Dr. Cid asked Mo to describe some of the other auditory memories that made her feel defeated.

She closed her eyes. I watched her hands dance and fidget in her lap. “Their laughing and whooping while they were shooting them…. The way the kids were wailing. Begging for their lives.” She was struggling. Being so brave. “And the fire alarm. It just kept screaming, you know? All the time I was hiding inside the … I remember thinking at one point, well, if they find me and kill me, I won’t have to hear that alarm anymore.”

We sat there in silence, the three of us.

It was Dr. Cid who finally spoke. “Maureen, when you remember these terrible sounds, what effect does it have on you?”

“It’s like … there’s this wave coming toward me, but there’s nothing I can do about it. And then it reaches me, crashes over me and … and I’m done for another day. I just give up. Give in to it. Because how do you stop a wave?”

“You don’t,” Dr. Cid said. “And you’re wise to recognize your powerlessness to do so. But what you
can
do is learn how to
negotiate
this wave. Work within the context of its inevitability.” When she was a little girl living in Cuba, she said, her older brothers taught her
how to manage the surf. She learned that, as a wave approached, she needed, first of all, to calculate whether it was going to break over her, or pass by her and
then
crest. If the latter was the case, she could spring upward and bob above the swell. Or, she could make her body rigid and lean into the curl. Ride the wave in to the shore, and then stand, adjust her swimsuit, and return again to deeper water.
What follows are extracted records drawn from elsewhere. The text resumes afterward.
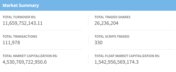 The benchmark index opened at 2712.34, touching an intraday high of 2,728.43, while the lowest point was 2,695.20. Total turnover for the day reached Rs. 11.65 Arba, with 26,236,204 shares traded across 330 companies through 111,978 transactions. Market capitalization stood at Rs. 45.30 Kharba, with a float market capitalization of Rs. 15.42 Kharba.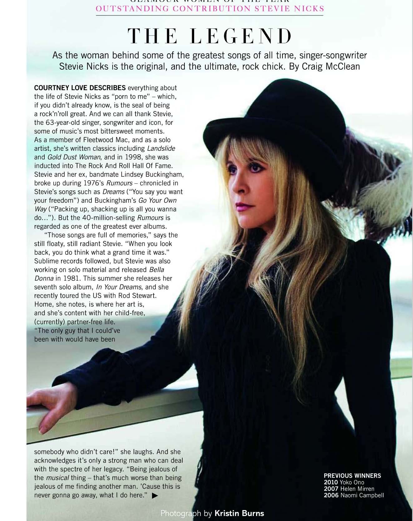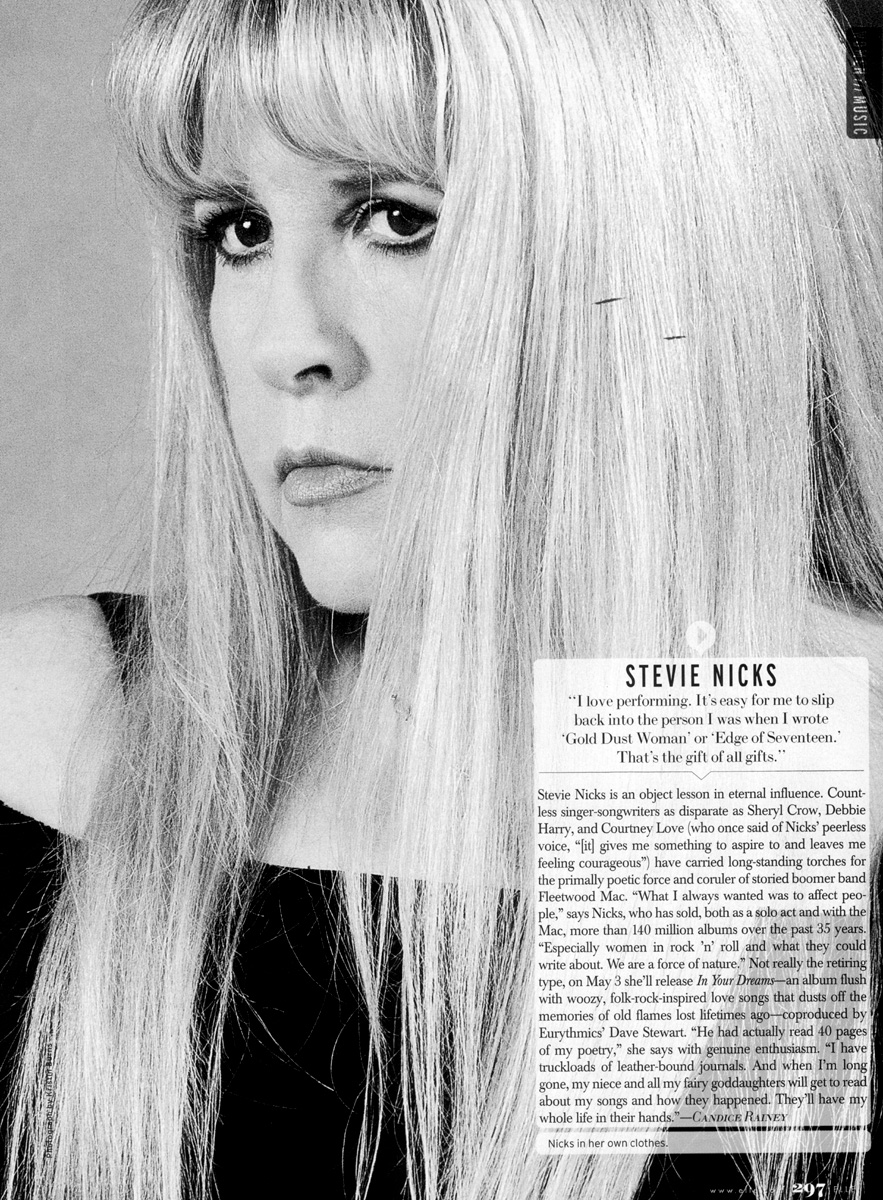 Of her lifestyle today, Nicks stated "I am a very different girl from the one who was so wrapped up in rock and roll and the drugs and everything else. I'll never take it all for granted again, ever. Because I also now really realize how quickly that it can go, and that you can be the darling one year, and be nobody the next year. So you have to learn to accept and deal with that."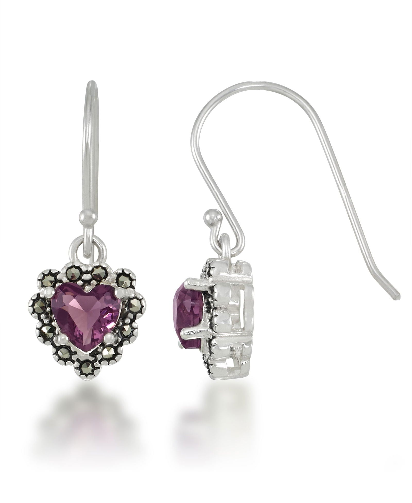 Tori Hill® Pendientes colgantes de corazón de amatista simulada y marcasita genuina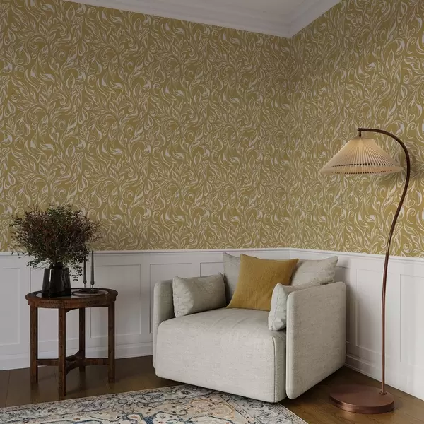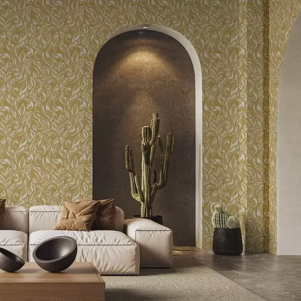 Papel pintado Adorno foliado de color blanco crema sobre un fondo ocre cálido a00940v1

But if the wave was about to break against her, she said, the best plan was to face it head-on. Take a gulp of air and stick her head right into it. Better that than to be battered by it, lifted off her feet and sent tumbling and choking on sea water.

Maureen rolled her eyes. “Well, if I ever go swimming in Cuba, I guess I’ll know what to do.”

“Mo, stop it,” I said. “She means—”

But Dr. Cid put her hand up like a traffic cop. “Maureen’s an intelligent woman,” she said. “I think she understands the metaphor. And if she needs to resist it, that’s okay, too.”

We had been booked for a double session, and near the end of those hundred minutes, Dr. Cid shared her conclusions with us. Maureen’s symptoms indicated that she was certainly suffering from acute-phase posttraumatic stress disorder. If they were to continue working together, her goal would be to help Maureen manage her stressors so that she could avoid advancing to chronic PTSD. “This needn’t be a life sentence,” she said. “For either of you.”

I asked her to describe what Mo’s treatment would be like.

“A mix,” she said. “Talk therapy, instruction in relaxation techniques, medication. And perhaps, down the line, a session or two with an Ericksonian hypnotherapist.”

Maureen shook her head emphatically. “I am
not
having anyone hypnotize me.”

“So noted,” Dr. Cid said. “But that’s a common misconception about hypnosis: that someone else does it
to
you. In actuality, all hypnosis is self-hypnosis. Now let’s talk about medication.”